I don’t think the future is as simple as “AI will work for us” or “we will work for AI.”

What’s happening is more subtle: humans are increasingly becoming the fallback layer for systems that appear autonomous. AI acts, predicts, recommends, and executes - but when it gets stuck, fails, misreads context, or faces ambiguity, a human steps in quietly behind the curtain.

So the issue is not only technical. It’s economic and philosophical.

Who sets the goals?
Who owns the systems?
Who gets paid the most value?
Who becomes replaceable, and who becomes more powerful?

If humans use AI to expand judgment, creativity, and leverage, then AI works for us.
If humans are reduced to invisible correction loops for automated systems, then in practice we start working for AI.

The biggest danger is probably not machine rebellion. It’s a world where human intelligence is still necessary, but broken into smaller, less visible, less valued forms of labor.

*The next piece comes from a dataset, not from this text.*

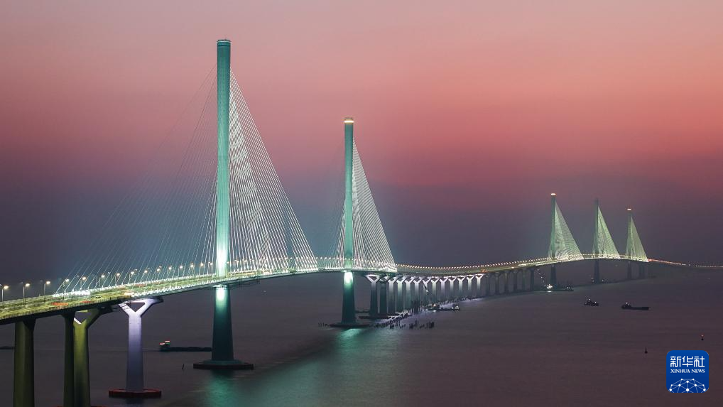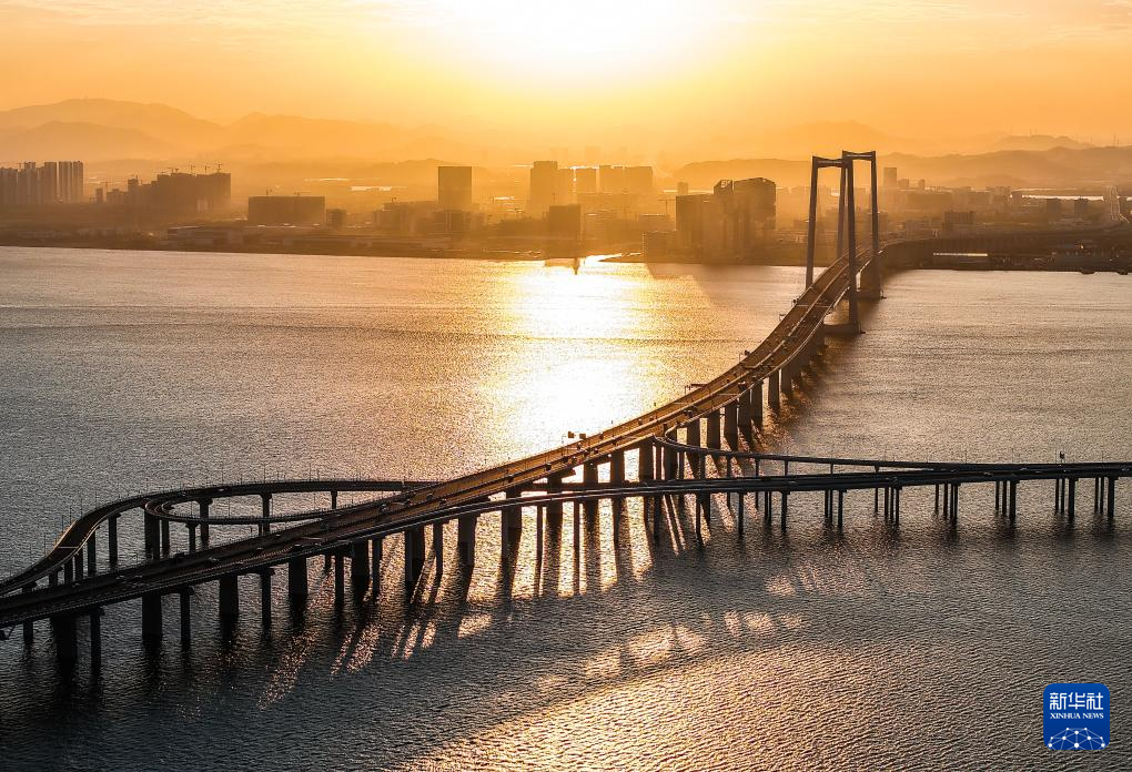 暮色中的黃茅??绾Mǖ栏邫诟鄞髽颍ㄗ髠?cè)雙主塔)和黃茅海大橋(右側(cè)三主塔)(2024年12月7日攝,無人機(jī)照片)。

So the future of cooperation with AI depends less on the technology itself and more on the structure of power around it.

Nika

@chronicles_of_the_desert and that's the thing – we are at the stage of helping people when it gets stuck. If AI will be learning through these actions (we helped to sort out), we can become at certain point to be totally useless and redundant.

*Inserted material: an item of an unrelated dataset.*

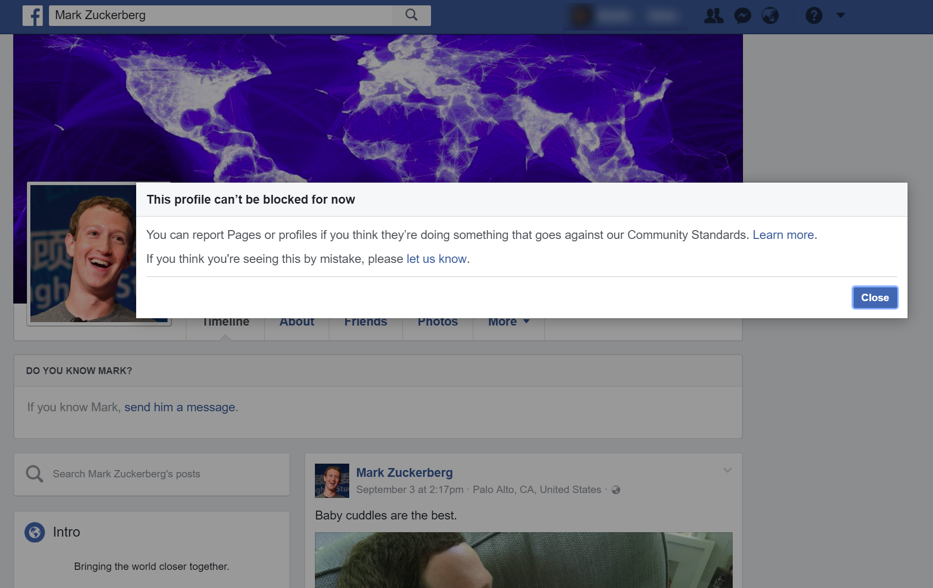 ប្រសិនអ្នកជានាយកប្រតិបត្តិក្រុមហ៊ុនបណ្ដាញសង្គមមួយ ដែលមានអ្នកប្រើប្រាស់ជាមធ្យមខ្ទង់ ២ពាន់លានគណនីវិញ តើអ្នកនឹងធ្វើអ្វីម្យ៉ាង ដើម្បីមិនឱ្យអ្នកណា អាចប្លុក (block) អ្នក និងភរិយារបស់អ្នកលើបណ្ដាញសង្គមរបស់ខ្លួន ឬទេ? នេះជា ការអះអាងពីអ្នកប្រើ Facebook មួយចំនួន ដែលសាកល្បងចូលទៅគណនីលោក Mark Zuckerberg និងភរិយារបស់លោក អ្នកស្រី Priscilla Chan គឺថា មុខងារ Block នេះមិនដំណើរការលើគណនីអ្នកទាំងពីរនោះឡើយ។

I think that most likely, we will face the situation that only a few powerful people will own the system or control them. But Humans, like ordinary people – it is a big question mark for me what will be happening with them.

Sai Tharun Kakirala

Great question, and honestly something I think about every day building Hello Aria (our AI assistant that manages your day via WhatsApp and iOS). Right now, AI works for us - it handles reminders, task management, calendar syncing, all conversationally. The humans helping AI when stuck model is fascinating - suggests a hybrid where value flows both ways. I think the dystopian version is not AI replacing humans wholesale, it is humans doing micro-tasks without context or agency. The positive version is AI handling the cognitive overhead so humans can focus on creative, relational, irreplaceable work. That is the bet we are making with Hello Aria - freeing people from coordination overhead makes them MORE human, not less.

Nika

@sai_tharun_kakirala when you know how to cooperate, it is the best possible scenario. I am just afraid of the Terminator scenario :D

Adrin D'souza

We’re currently in the messy “training wheels” phase where humans babysit AI (fixing agents, filming tasks, etc.).

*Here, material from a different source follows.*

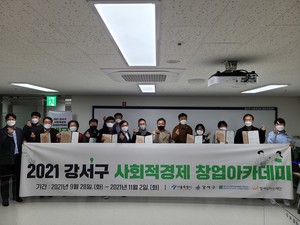 '강서구 사회적경제 창업아카데미' 데모데이와 수료식이 진행됐다.강서구사회적경제통합지원센터는 2일 센터 강의실에서 '2021년 강서구 사회적경제 창업아카데미'의 데모데이 및 수료식을 열었다.강서구 사회적경제 창업아카데미는 지난 9월 28일부터 서울시 강서구 지역주민 33명을 대상으로 이루어졌으며, 총 5회에 걸친 사회적경제 기초교육이 진행됐다. 이후 교육생 중 8팀을 선발하고 3회의 심화 멘토링을 거쳐 총 26명의 예비창업자를 배출했다.'2021 강서구 사회적경제 창업아카데미'는 (재)함께일하는재단과 같이 강서구 사회적경제 기업가 발
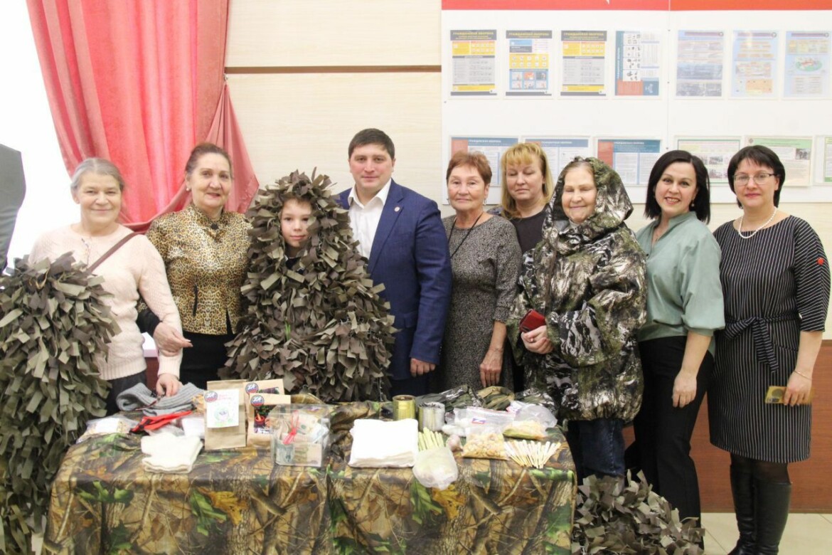Помимо концертной программы, в фойе организовали выставку, на которой волонтеры района представили маскировочные сети, костюмы лешего и другие необходимые бойцам СВО изделия.

But the whole point of building AI is the opposite: eventually it works for us, not the other way around.

The headcam workers and agent-fixers are temporary scaffolding. Once the models are good enough, that flips.

The real question is whether we build AI that amplifies everyone or just concentrates power. What do you think happens in the next 3–5 years?

Nika

@second_son_of_god Maybe I just think too far in advance, like 20 years from now. Then, AI can be totally independent.

Luca Ardito

I think the key distinction is whether humans stay in the loop as decision-makers or get reduced to exception handlers.

The companies that create leverage will be the ones that design AI around human judgment, not just human cleanup.

Nika

@luca_ardito What if AI will totally break free from humans? And will not need any approval, help or anything from us. What then? We will be useless :D

Tijo Gaucher

honestly feels more like a collaborator day-to-day for me — it handles the boring 20% so i can sit with the weird edge cases longer. the cameras-on-workers thing is where it gets queasy though, what's the line between learning from us and just harvesting?

Nika

@tijogaucher Difficult to say what it means collecting and learning from us, but I am pretty sure it will surpass us in anything we train it enough.